The most serious impacts of this pandemic are severe illness, hospitalization, stress on health systems, and all those consequences for patients and their families. To address that, we really need to focus first on vaccinating the unvaccinated, both here in the U.S. and globally. Booster shots may help protect some people, particularly our most vulnerable individuals, but are far less likely to impact the overall curve of the pandemic.

Dorry Segev, M.D. Ph.D.

The only way to really deal with this virus is for every single person to be vaccinated effectively against the virus. Vaccinating effectively means boosters for people whose vaccine immunity has decreased, and it means first vaccinations all across the world.

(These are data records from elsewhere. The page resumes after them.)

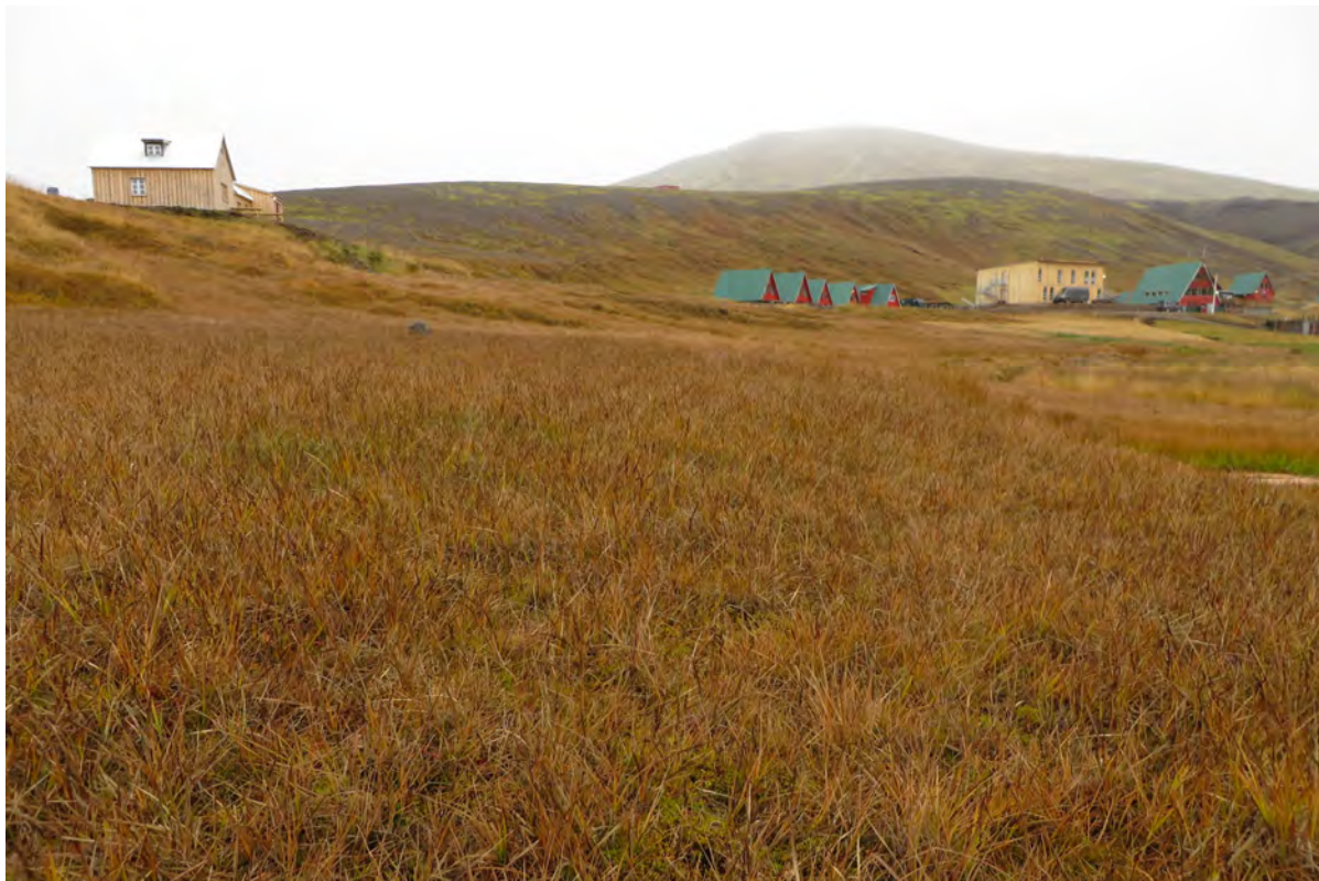
18. mynd. Stinnustaramýri þar sem stinnastör er ríkjandi, ýmist ein eða með öðrum einkennandi fylgitegundum, t.d. hengistör, er algengasta mýragerðin í Ásgarði. 29. september 2016.
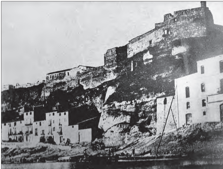
Fig. 4. El castell de Móra des del riu a principis del segle XX

Castell i muralla protegien la zona urbana (vila closa). La muralla s'estenia pels actuals carrers Nou, de Santa Madrona, del Doctor Peris, i per les escales es dirigia cap a la plaça de Sant Roc. Per l'altra banda, del carrer de la Barca i de la plaça, el mateix riu els feia de frontera.
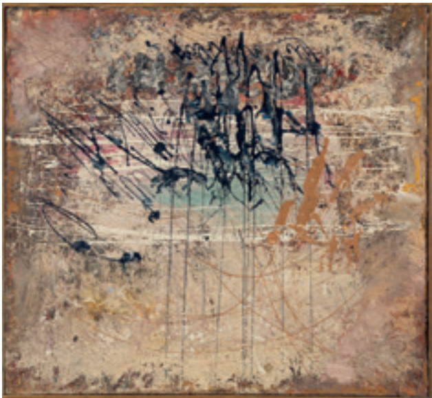
Hommage à Simone Martini, 1957

olej, nitro, płótno, 73 x 81,5 cm kolekcja autora
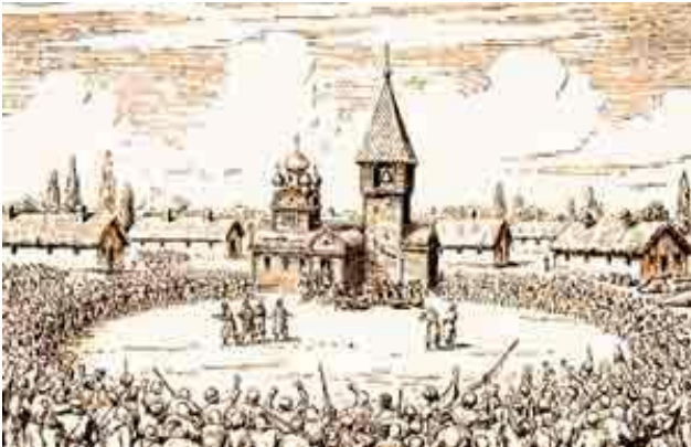
Рада на Січі (Січове коло)

Розглядаючи бойове мистецтво «Спас» як частину культурної спадщини предків, насамперед, слід зробити наголос на його обрядовості, яка залишилась у традиції «Спасу» до наших днів і має історичні корені, що сягають давніх часів існування запорозького козацтва.
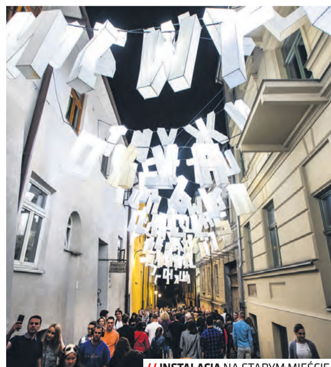
// INSTALACJA NA STARYM MIEŚCIE

radości są naszą szalupą ratunkową w tych trudnych czasach. W czasie trwania festiwalu odbędą się spacer po Lublinie z przewodnikiem w języku ukraińskim. – Zapraszamy wszystkich mieszkańców, turystów oraz przyjaciół Lublina do wspólnego odkrywania na nowo naszego miasta. To właśnie Lublina daje im poczucie realnego wsparcia ze strony Polaków. Codziennosc i małe
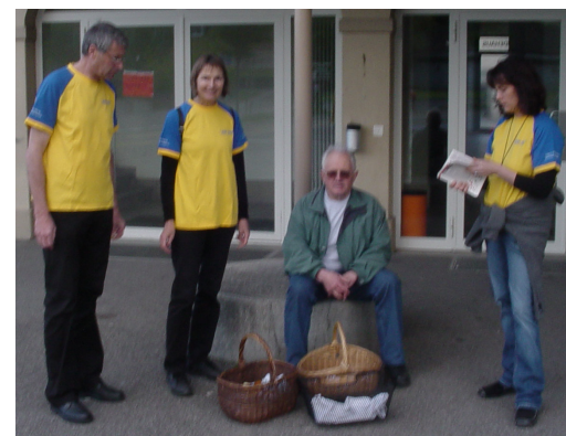
2010: Unterschriftensammlung für arbeitsfreien Sonntag

Ein gutes Echo bei der Bevölkerung finden immer unsere Themenanlässe und Vorträge in der Aula der Schule oder im Kirchgemeindehaus Arche. Beispiele: Entwicklung des öffentlichen Verkehrs, Heizen mit Holz und Sonne, Photovoltaik, Klimaveränderung und Klimaschutz oder Fristenlösung etc..
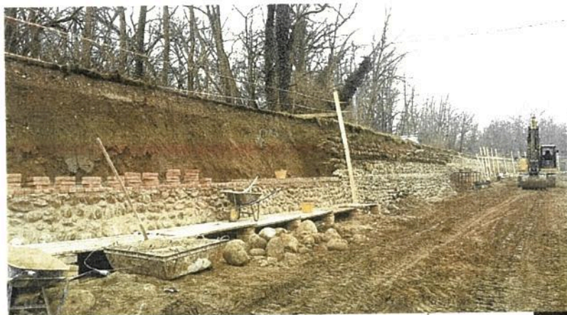
Interventi alle sponde, Naviglio Grande (Bernate Ticino), asciutta primaverile 2017

"I canali, da sempre infrastrutture idrauliche qualificanti per la Lombardia, rappresentano sempre più vere e proprie vie d'acqua attorno alle quali si stanno sviluppando nuove possibilità di utilizzo oltre all'irriguo" commenta il Presidente di ETVilloresi Alessandro Folli. "Proprio per questo assicurare al reticolo le necessarie opere manutentive diventa veramente prioritario" conclude Folli.
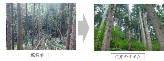
～多様な樹齢からなる森林が面的に整備され、公益的機能が持続的に発揮される森林へ～
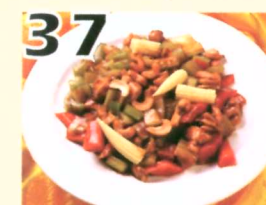
37 Poulet sauté avec noir d'acajous $11.45
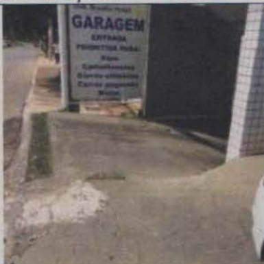
Acesso de veículos ao lote
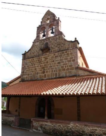
Autor Fotografía: Daniel Herrera / Jesús I. Jiménez-05/2012

Balancing these is challenging but it’s important for us to focus on getting both of these goals accomplished.

Ali Ellebedy, Ph.D.

The virus flourishes in communities where vaccination rates are very low—that is where variants emerge.

Beth Kirkpatrick, M.D.

Worldwide equity in vaccine access is arguably the most important challenge we are facing in this pandemic. In addition to the enormous humanitarian issues in regions without vaccine access, the lack of vaccinations will permit the emergence of other new variants and will impede the global control of this pandemic. This makes booster shots in the United States a very challenging decision.  We must protect our own citizens, and at the same time show a similarly aggressive and steadfast commitment to get these vaccines to all populations throughout the globe.